There are approximately 1 billion OSA patients worldwide. Recent data suggest that when the apnea-hypopnea index (AHI) is ≥ 15 events per hour, the incidence rate of moderate-to-severe OSA is 49.7% in men and 23.4% in women. Common clinical symptoms include snoring during sleep, recurrent abrupt awakenings, increased nocturia, morning headaches, and daytime sleepiness. However, patients often ignore these symptoms and lack time management strategies. OSA is a syndrome with metabolic and endocrine complications that can lead to cardiovascular damage, metabolic disorders, abnormal hormone levels, cognitive function decline, and behavioral abnormalities, significantly impacting the workability and quality of life.
The thyroid is a gland responsible for the functioning of many vital functions, from the heartbeat to the frequency of our breathing. It is also the organ responsible for the production of thyroid hormones, which are related to metabolism. When there is an imbalance associated with the production of these hormones, the person may experience hypothyroidism or hyperthyroidism.
Hypothyroidism is characterised by reduced thyroid activity, which decreases the production of hormones and consequently causes a slow metabolism. Associated causes include deficiency in iodine consumption, removal (total or partial) of the thyroid, use of some medications, the postpartum period, among others.
When a patient has hypothyroidism, their body becomes less active. As a result, they may feel tired more easily and be quite drowsy. The diagnosis of this disease is typically made through a physical examination by an endocrinologist and confirmed by blood tests and a thyroid ultrasound.
It is known that people with hypothyroidism are at a greater risk of developing OSA due to multiple factors involving breathing, such as decreased ability to react to chemical changes and the muscles involved in breathing.

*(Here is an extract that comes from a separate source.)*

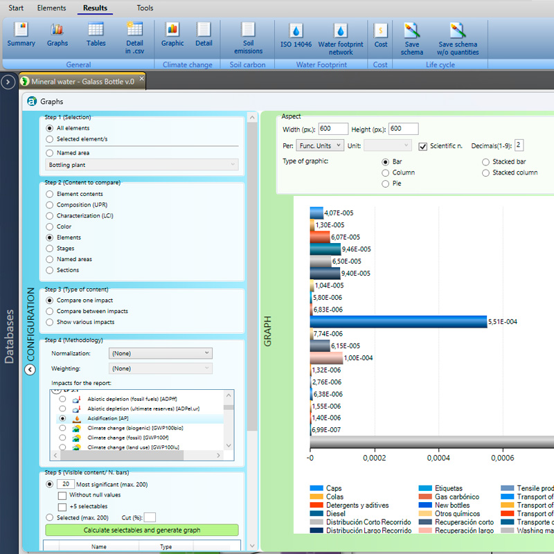 Air.e allows you to report the results not only in a practically instantaneous manner, but in the format and with the level of detail that you want. In the form of charts, in the form of tables, such as pre-formatted reports. All ready to export to Word, Excel, PDF, image or simply copy and paste into another tool. With the level of detail you want: by process, by stage, by type, UPR, LCI, with data on activity, with factors of emissions ready to verify... and combining any impact of any methodology.
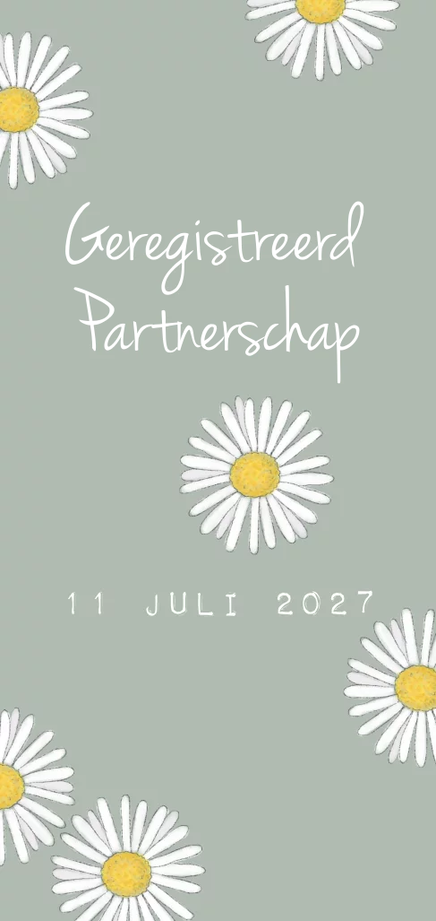 Uitnodiging Geregistreerd Partnerschap madeliefjes met goudfolie

Symptoms of difficulty or stopping breathing, excessive tiredness during the day, excessive drowsiness, apathy, headaches, difficulty concentrating, among others, are related to both hypothyroidism and OSA.
Patients diagnosed with primary sleep apnea, who are not subjected to thyroid function analysis, are underdiagnosed and inappropriately treated as having OSA due to the failure to detect hypothyroidism. These same patients experience temporary symptom improvement with treatments recommended for OSA, but inevitably fail in the long term. This temporary improvement can be avoided if the diagnosis of hypothyroidism is not delayed.
In other words, it is necessary to identify the origin of the symptoms, and not just treat them. Some patients undergo OSA treatment and receive short-term improvement in symptoms, but the real cause of the breathing disorder actually lies in the thyroid.
The cause of a low respiratory rate at night may, in fact, be related to the metabolic function of the thyroid and originate from hypothyroidism.
Therefore, it cannot be said with certainty that one causes the other. However, what is known is that there is indeed a correlation between these two factors, as OSA can occur in between 25% and 100% of patients who have hypothyroidism.